# Programming Keyless Remote on a 97



## Guest (Jan 2, 2003)

I read another post for some nissans 1998-2000 keyless programming. Unfortunately the sequence did not work for my 97 Maxima. Does anybody know or can point me in right direction?


----------



## BORNGEARHEAD (Apr 30, 2002)

It will work. Are you sure the remote battery is good?


----------



## Guest (Jan 2, 2003)

A friend at a Nissan dealership took them off keys to other used cars. I tried two of them. The batteries are not likely to be dead in both. The only difference between these two remotes and the one I lost is that my lost remote had the lower right button as the trunk release and these two I have now are panic buttons. I assumed that after programming them in my car that the panic button would release the trunk. Suggestions?


----------



## custmguru (Jul 11, 2004)

The remotes aren't the same i bet. it should have all the same buttons to be the same model. look at the numbers on the back...

link to programming instructions?


----------



## garden2 (May 23, 2006)

BORNGEARHEAD said:


> It will work. Are you sure the remote battery is good?

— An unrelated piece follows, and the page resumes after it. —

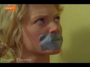 In this Australian Nickteens adventure show, gorgeous Cariba Heine plays Rikki Chadwick, one of a trio of young girls who discover they can transform into super-powered mermaids. In this episode, Rikki discovers the 50 note she just received as payment for a delivery is a counterfeit and goes to return it to the man who used it (believing he didn't know the bill was fake). Things spiral out of control quickly from there, when she spies a duffle filled with more fake bills. Rikki has her hands tied behind her and she's gagged with duct tape, before being locked in back room on the boat, as the crooks debate what to do with her. Rikki tries to use her cellphone to text for help. At first the text isn't believed, but when she doesn't return a callback (thanks to the phone being taken from her and crushed), her friends investigate the reason and then dash to rescue her.

say can you send me this procedure please??? i have a 96 maxima GLE and from time to time the keyless remotes stop working. battery's are good. so i have to take to dealer for a 15 min fix. would like very much this procedure so i can fix myself. thanks in advance. 
garden


----------



## Jeff (Oct 17, 2002)

Stop bumping old threads...see your original post and I answered it.


----------